Successful Food Convoy and Solidarity action in Beit Umar

 

Bryan Atinsky, Indymedia Israel Correspondent

 

TEL-AVIV: Today  (Dec. 29, 2001), approximately 350 Israeli solidarity demonstrators (along with an international contingent of French, Americans, and others) brought over 10 tons of food-staples and clothing to the Palestinian city of Beit Umar, near Hebron.  A convoy of 99 cars and trucks drove from Jerusalem, through several Israeli Army checkpoints, for reasons of humanitarian assistance and to show solidarity with the residents of the city of Beit Umar.  As stated by Ta'ayush Arab-Jewish Partnership, the activity's sponsoring organization:

 

"The village of Beit Umar lies on the main road between Bethlehem and Hebron, 25 minutes south of Jerusalem. It has 12,000 residents of whom 4,600 are school-age children. Beit Umar has suffered repeated harassment from the Israeli military and since the second Intifada began over a year ago, the main entrance to the village has been closed, forcing its residents to use back roads, which are also frequently closed by the military."

"Beit Umar's economic crisis stems from the closure and Israel's economic strangulation of the occupied territories. Unemployment is soaring and currently ranges between 60 to 80 percent. The majority of wage earners who used to work in Israel are currently prohibited from entering the country, while those who were employed in local workshops have been laid off due to the economic depression. The residents who make their living from agriculture have been equally hurt due to the military siege, which has prevented them from marketing their produce in Israel.
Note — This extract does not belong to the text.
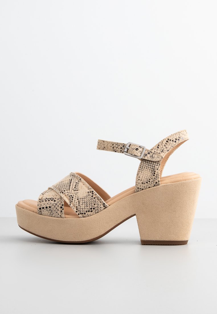 Elevate your casual summer style with these beige Clarks sandals. Perfect for the warm weather, these sandals are a comfortable and chic choice for any outfit. Featuring a platform heel, these shoes provide both style and support for all-day wear. Step into the season with these must-have sandals from Clarks.
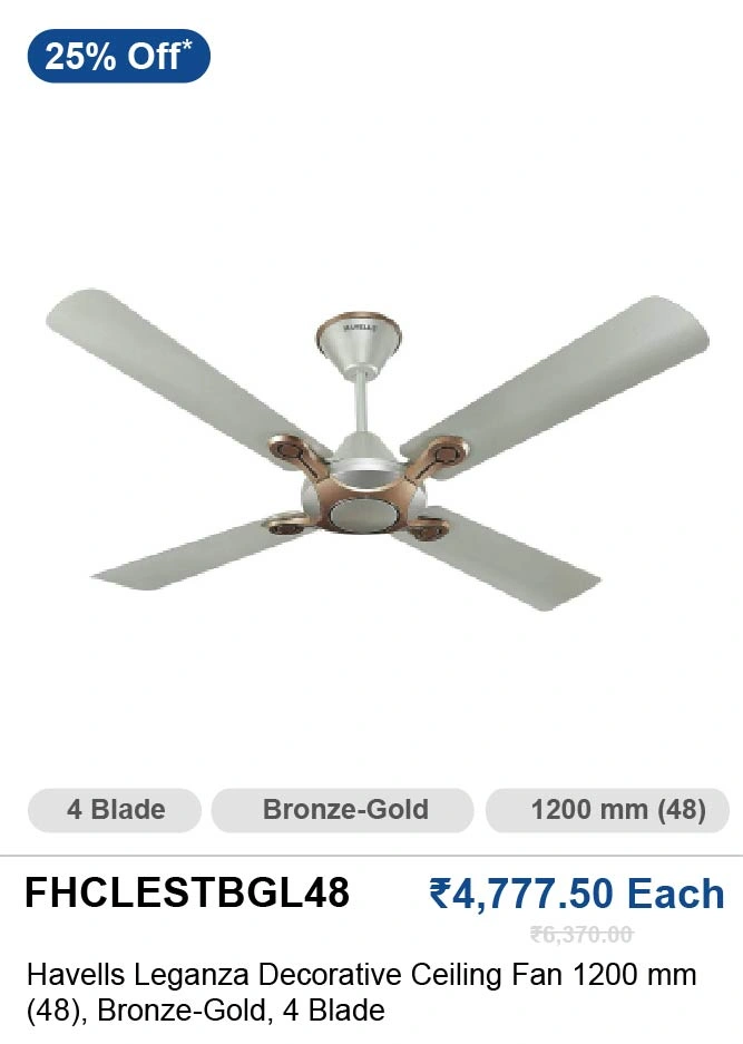 | Havells Leganza 1200 Mm (48 Inch) 4 Blade Bronze-Gold Decorative Ceiling Fan FHCLESTBGL48 | 25% OFF/- | Rs.4,777.50/- Each |

This summer, families watched as their grapes and plums went unpicked, and many months of work and investment went down the drain. According to discussions held this week with Beit Umar's council and charity organizations, there are well over 250 families who literally cannot make ends meet."

 

Beit Umar has been literally blocked off from the rest of the occupied West Bank by means of a large mound of dirt a couple of meters high, which surrounds the entire city, including the main road. The only way possible for residents to normally get in or out of the city (when there isn't a curfew) is by foot, crawling over the wall.  In order to get the food into the city today, the trucks holding the food and clothing had to be unloaded on one side of the mound, and transferred hand to hand by a large chain of people across to the other side, reloading the food into trucks waiting on the Beit Umar side of the mound. 

 

After all of the goods were transferred, the hundreds of visitors crossed over into Beit Umar, walked through the city to a large meeting hall, where a joint solidarity gathering between representatives of Beit Umar and the visitors took place.